Trevor teaches in a totally different way. He makes  learning fun, always entertaining us even though he is actually teaching us.”

Emily quickly adapted to the unique curriculum at Streetfront. “I used to play all kinds of sports but that had fallen off. Once I got to Streetfront, all those good memories and experiences I had had with sports, returned.” She wasn’t so sure about their vaunted running program, “At the start,  running was really hard. I was barely making the 5 k’s but I stuck with it. I then moved to 7’s and then 10’s. Trevor ran with me on my 10’s and he knew how to keep me motivated. He talked and talked and then before I knew what had happened, we were done.”

Emily continued with her run progression, culminating with a Streetfront mainstay – the 18.7 km Deep Cove run. “I was so nervous before we left for Deep Cove.  I had only been at Streetfront for a little over a month and now I was trying to run to Deep Cove. I was really scared crossing the Second Narrows Bridge.  It’s so high. But we kept on running and at about 15 km we saw Barry with the bus. We ran over got some water and that really helped motivate me. The rest was easy.”

Emily was preparing for her real goal of running the BMO Vancouver Half-Marathon in early June. She was plagued with self-doubt early in the race. “I started panicking at 3 km. I was bawling and convincing myself I couldn’t do this. Trevor ran with me and kept telling me to breathe and relax.

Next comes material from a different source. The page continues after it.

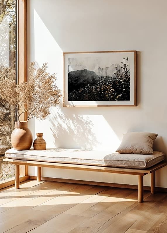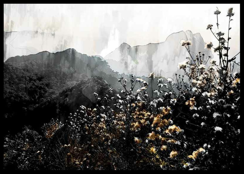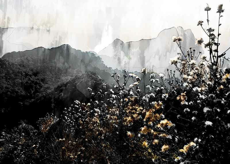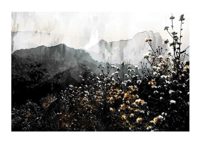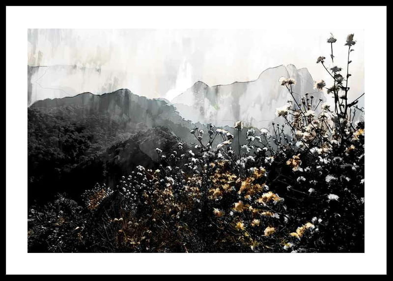Sur cette affiche, des fleurs aux tons jaunes et blancs se déploient devant des formations rocheuses sombres. L'arrière-plan, à l'aspect flou et peint, met en valeur les plantes sauvages au premier plan. Une belle association de formes spectaculaires et de couleurs douces, idéale pour un salon ou une entrée à l'ambiance naturelle.

He convinced me that if I took control of my breathing, I’d be able to do this. He actually was pretty tough on me. He told me I had worked too hard to give up. He said that I’d have to face my classmates as one of only 2 kids to have never finished a race. He convinced me that trying was everything and failing was not an option.”  Emily fought through the inner demons and started to feel strong. “Trevor had to stay with another girl while she used the washroom. He told me to run ahead and never get off the course. He said he’d catch up with me in one or two kilometres .”

Stokes thought he’d quickly see Emily a few 100 metres ahead. When he resumed running, Emily was nowhere in sight.

He started panicking himself, “I stated texting Gord (Streetfront counsellor) and Sierra trying to see if they had heard from Emily. I was convinced something had happened. She either had dropped out, got off the course or was in need of medical attention.”  Stokes kept running for the next 14 km trying to track Emily down. When he hit the Burrard Bridge (2.3 km from the finish) he caught up to Emily. Stokes was in disbelief, “Emily was in absolute control. She was not concerned or anxious at all!!!  She was running with confidence.  In fact she was doing so well, she called her aunt and convinced her to skip out of work and join her mom at the finish line.”
Emily describes the moment she crossed the finish line as the “best feeling in my life”. The Streetfront staff speak often of a photo Stokes took of Emily and her mom, “We’ve been doing this so long and for 8-10 years we’d cross the finish line and there wouldn’t be a single parent there celebrating with their kids. But that has started to change and the embrace captured between Emily and her mom was so pure, so tender. It was absolutely perfect and exactly what Emily needed in her life.”
emily-mum
Emily will finish her Grade 10 year with Streetfront and plans to run the Seattle Half in November and then take on the BMO Full in May 2017. That will finish off a remarkable year considering she’s dead set on being selected as one of the 15 students to go to Patagonia, Chile with the Street2Peak Project in March 2017.
“I don’t ever want to leave Streetfront. I’m trying to convince them to go to Grade 12,” Emily laughs. As our conversation ends it’s hard not to think she just might be able to convince them.